Optical genome mapping unveils hidden structural variants in neurodevelopmental disorders

Abstract

While short-read sequencing currently dominates genetic research and diagnostics, it frequently falls short of capturing certain structural variants (SVs), which are often implicated in the etiology of neurodevelopmental disorders (NDDs). Optical genome mapping (OGM) is an innovative technique capable of capturing SVs that are undetectable or challenging-to-detect via short-read methods. This study aimed to investigate NDDs using OGM, specifically focusing on cases that remained unsolved after standard exome sequencing. OGM was performed in 47 families using ultra-high molecular weight DNA. Single-molecule maps were assembled de novo, followed by SV and copy number variant calling. We identified 7 variants of interest, of which 5 (10.6%) were classified as likely pathogenic or pathogenic, located in BCL11A, OPHN1, PHF8, SON, and NFIA. We also identified an inversion disrupting NAALADL2, a gene which previously was found to harbor complex rearrangements in two NDD cases. Variants in known NDD genes or candidate variants of interest missed by exome sequencing mainly consisted of larger insertions (> 1kbp), inversions, and deletions/duplications of a low number of exons (1-4 exons). In conclusion, in addition to improving molecular diagnosis in NDDs, this technique may also reveal novel NDD genes which may harbor complex SVs often missed by standard sequencing techniques.

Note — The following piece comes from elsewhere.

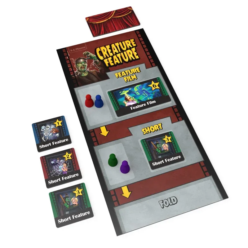 Sei un agente nell'età d'oro dei film di mostri! Gli attori che rappresenti sono specializzati in particolari ruoli mostruosi e tu devi competere per ottenere loro i migliori possibili. Le tattiche e il bluff in stile poker ti porteranno lontano: imparerai quando restare fermo e andare allo showdown o tirarsi indietro e accettare un ruolo minore in un breve film. È meglio assumere le tue grandi star adesso o trattenerle per competere per film più redditizi? Con un po' di fortuna, abilità e faccia tosta potresti ridacchiare maliziosamente per la tua vittoria in Creature Feature! Regolamento Conteggio giocatori 3-6 Tempo di gioco 30-60 minuti Fascia d'età 13+ Componenti 94 carte, 1 tabellone, 6 tappetini, 12 pedine, 19 gettoni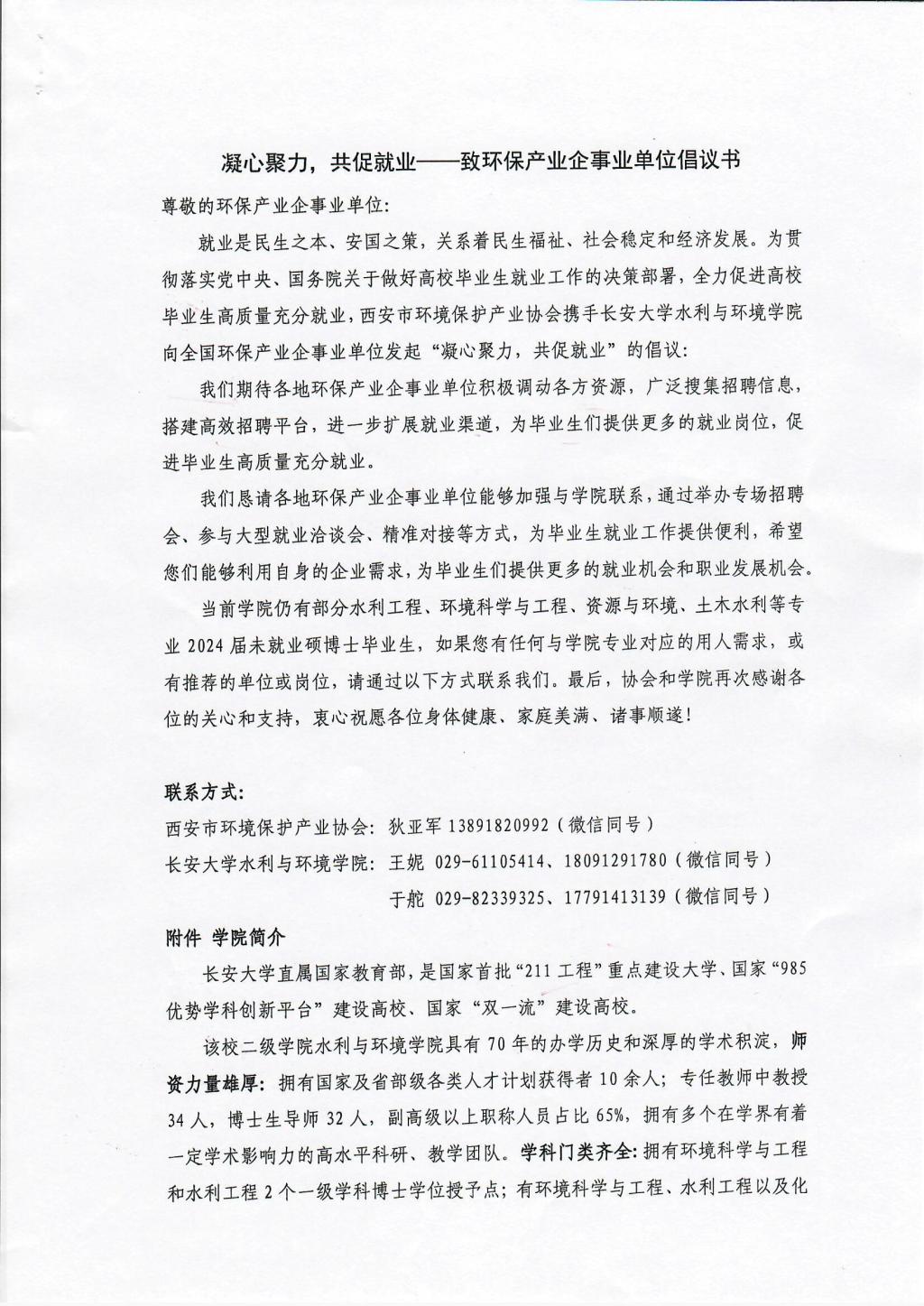 凝心聚力,共促就业——致环保产业企事业单位倡议书

Keywords: Copy number variants; Neurodevelopmental disorders; Optical genome mapping; Structural variants; Unsolved cases.

Figure 1

Variant identified via OGM in this study. Reference map: Green; Case map: Blue. (A) In family FIN44, a 19.5 kb intragenic hemizygous duplication in OPHN1 affecting 4 exons was identified as ogm[GRCh38] Xq12 (68205934_68225423) × 2; (B) In family FIN66, a mosaic 27.8 Mb balanced paracentric inversion was found as ogm[GRCh38] inv(1p35.1p31.3)(33246132_61045156). One of the two breakpoints affects the NFIA gene. (C) In family FIN70, we identified a heterozygous 2.4 kb deletion verified to affect the first exon of SON, ogm[GRCh38]21q22.11(33538696_33548254) × 1. (D) In family FIN78, we identified a hemizygous 17.7 kb deletion covering the first two coding exons of PHF8, ogm[GRCh38] Xp11.22(54030836_54059408) × 0. (E) In family FIN105, we identified a heterozygous 2.1 kb deletion ogm[GRCh38] 2p16.1(60458858_60463416) × 1 partially deleting an exon of BCL11A. Molecule support for each variant is presented in Suppl. Fig. 2.